#3: What Harvey Dent Can Teach Us About Training
“You either die a hero, or you live long enough to see yourself become the villain.”
-Harvey Dent, The Dark Knight
Unless you are running for the Gotham Track Club, or a certain clown is stealing your crowns on Strava, what can Mr. Dent’s words teach us about training? With just a bit of artistic license, let’s rewrite this quote just a bit…
“You either train smart, or train hard enough to see yourself become the villain.”
That’s better. Let’s talk about an all too common trajectory that I see athletes (particularly those who are self-coached) take with their careers in endurance sports. You first start out training modestly, with your overall training stress mostly limited by your body’s musculoskeletal system. You are sore from most training sessions, but find yourself usually wanting more. You might even look at how other, more advanced athletes train with an envious eye. But you love the sport and keep plugging away. Eventually, your musculoskeletal system adapts and your training capacity for both volume and intensity increases rapidly. Finally, you find yourself able to really train hard. Fitness gains come quickly and rapidly, which further eggs you on to do more and get even fitter. You quite rapidly rise through the ranks, but then at some point, you hit a plateau. Either injury issues start to crop up that were not an issue before, or your performances in races start to stagnate, despite training harder than you ever have. Sound familiar? A good number of the coaching clients I work with have come to me and my colleagues looking for answers to their frustration.

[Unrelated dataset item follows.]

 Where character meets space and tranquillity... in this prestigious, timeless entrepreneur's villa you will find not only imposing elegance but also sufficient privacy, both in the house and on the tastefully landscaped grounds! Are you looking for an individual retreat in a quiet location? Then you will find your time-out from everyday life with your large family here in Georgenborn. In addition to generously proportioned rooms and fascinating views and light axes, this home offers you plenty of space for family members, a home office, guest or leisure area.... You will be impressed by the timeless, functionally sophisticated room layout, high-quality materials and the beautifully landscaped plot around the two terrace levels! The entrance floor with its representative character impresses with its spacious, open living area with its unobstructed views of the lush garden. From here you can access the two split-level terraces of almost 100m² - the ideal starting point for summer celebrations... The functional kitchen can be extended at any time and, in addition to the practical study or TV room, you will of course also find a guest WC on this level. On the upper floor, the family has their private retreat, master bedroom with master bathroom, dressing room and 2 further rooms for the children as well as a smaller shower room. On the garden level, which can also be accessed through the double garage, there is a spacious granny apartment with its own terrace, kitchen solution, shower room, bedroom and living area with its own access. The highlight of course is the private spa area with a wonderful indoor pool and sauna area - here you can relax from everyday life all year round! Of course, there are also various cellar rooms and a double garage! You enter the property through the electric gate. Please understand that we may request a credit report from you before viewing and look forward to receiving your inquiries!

So what happened? The athlete in question has crossed a distinct point in their athletic development, a point which I feel is one of the most critical changes in an athlete’s development. We’ll call this point the Harvey Dent Point (Figure 1). Our athlete’s fitness and motivation have reached a point where they are able to train enough to put themselves into a state of overtraining on a consistent basis, or in other words, they can train hard enough to become the villain to their fitness gains! Before this point, the athlete’s training was limited by their overall capacity to train, and/or overuse injuries. But now, their training capacity and durability are so great that they are able to consistently hit a training stress that is beyond their ability to recover from. This is not to say that only more experienced/developed athletes are able to overtrain. Beginners certainly can, but typically only for shorter periods due to their lower training capacity and durability. At the Harvey Dent Point, the athlete is able to consistently train above their recovery capacity, which allows for a more chronic state of overtraining to be reached: the Villain Zone (see figure 2).

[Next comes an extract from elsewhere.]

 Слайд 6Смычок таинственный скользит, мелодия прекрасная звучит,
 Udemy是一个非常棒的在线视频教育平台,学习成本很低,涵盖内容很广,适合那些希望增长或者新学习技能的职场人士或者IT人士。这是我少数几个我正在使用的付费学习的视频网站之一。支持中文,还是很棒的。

Figure 1: The Harvey Dent Point Visualized
So why do I consider this Harvey Dent Point so important? Because it requires a paradigm shift in how the athlete approaches training. Before this threshold, the idea that “more is better” holds true for the most part. More training will yield results since you can still recover from it. After this threshold has been crossed, however, the idea that “more is better” no longer holds true, and the athlete must adjust their mindset to be more restrained and their overall training stress to be more conservative. What I think makes this so difficult is that the “more is better” ideal is such a tempting mindset, and is echoed so much in our society’s views on success. What’s more, in the athlete’s eyes, it has worked thus far! So why change it? Further compounding the problem, well-meaning athletes often train even harder in response to an early setback caused by this overreach. This can be a tricky hole to escape from, but I think it is critical to remember that just as we wouldn’t take the same physical approach to training as an advanced athlete compared to when we were a newbie, our mental approach to training must also evolve as our fitness does.
Figure 2: Which side of Two Face are you?

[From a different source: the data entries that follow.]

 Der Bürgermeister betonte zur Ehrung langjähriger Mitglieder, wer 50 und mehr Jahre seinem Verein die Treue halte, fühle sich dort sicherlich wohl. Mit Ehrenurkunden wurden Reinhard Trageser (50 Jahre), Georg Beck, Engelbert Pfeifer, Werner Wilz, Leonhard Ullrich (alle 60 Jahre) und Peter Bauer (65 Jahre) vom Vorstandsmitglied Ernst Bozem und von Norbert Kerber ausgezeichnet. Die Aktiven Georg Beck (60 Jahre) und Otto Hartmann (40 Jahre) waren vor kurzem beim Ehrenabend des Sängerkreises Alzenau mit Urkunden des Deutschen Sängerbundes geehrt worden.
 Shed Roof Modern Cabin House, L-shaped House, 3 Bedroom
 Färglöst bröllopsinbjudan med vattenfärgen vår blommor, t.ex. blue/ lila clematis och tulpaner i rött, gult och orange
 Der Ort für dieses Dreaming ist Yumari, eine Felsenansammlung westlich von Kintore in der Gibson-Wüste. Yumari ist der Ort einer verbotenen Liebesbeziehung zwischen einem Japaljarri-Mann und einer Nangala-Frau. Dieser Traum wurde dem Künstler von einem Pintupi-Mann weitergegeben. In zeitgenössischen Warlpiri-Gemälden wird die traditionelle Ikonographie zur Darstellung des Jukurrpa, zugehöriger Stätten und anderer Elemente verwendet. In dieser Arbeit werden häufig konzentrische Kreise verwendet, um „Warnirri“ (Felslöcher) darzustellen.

While a big light in the sky notifying us we’ve reached the Harvey Dent Point would be great, it can be hard to tell when an athlete crosses this threshold. To me, the clearest sign indicating that this point has been reached is when performance improvement starts to level off despite increases in training stress, and the training starts to create longer-term fatigue for the athlete, i.e. fatigue that can linger for multiple days or weeks during training, despite (seemingly) adequate recovery in the short term. A sure signal that you have passed this point are those disappointing race performances that come in spite of the athlete having their strongest workout performances in the buildup (or when your local billionaire/vigilante starts taking down your KOMs).
Luckily, like Batman, we have a plethora of gadgets available to help us in our fight, albeit less cool ones. We can track how hard we are working and how well we are recovering from our workouts with tools such as Training Stress Score, morning heart rate, heart rate variability, and daily qualitative training journals, just to name a few. But we must also be proactive: deliberately modulating our training stress in both the short and long term, and taking a more holistic look at our training loads and how they further our goals as athletes. Ultimately, we must understand and accept that the approaches and mindsets that may have worked before might not always continue to work as we progress in our athletic careers.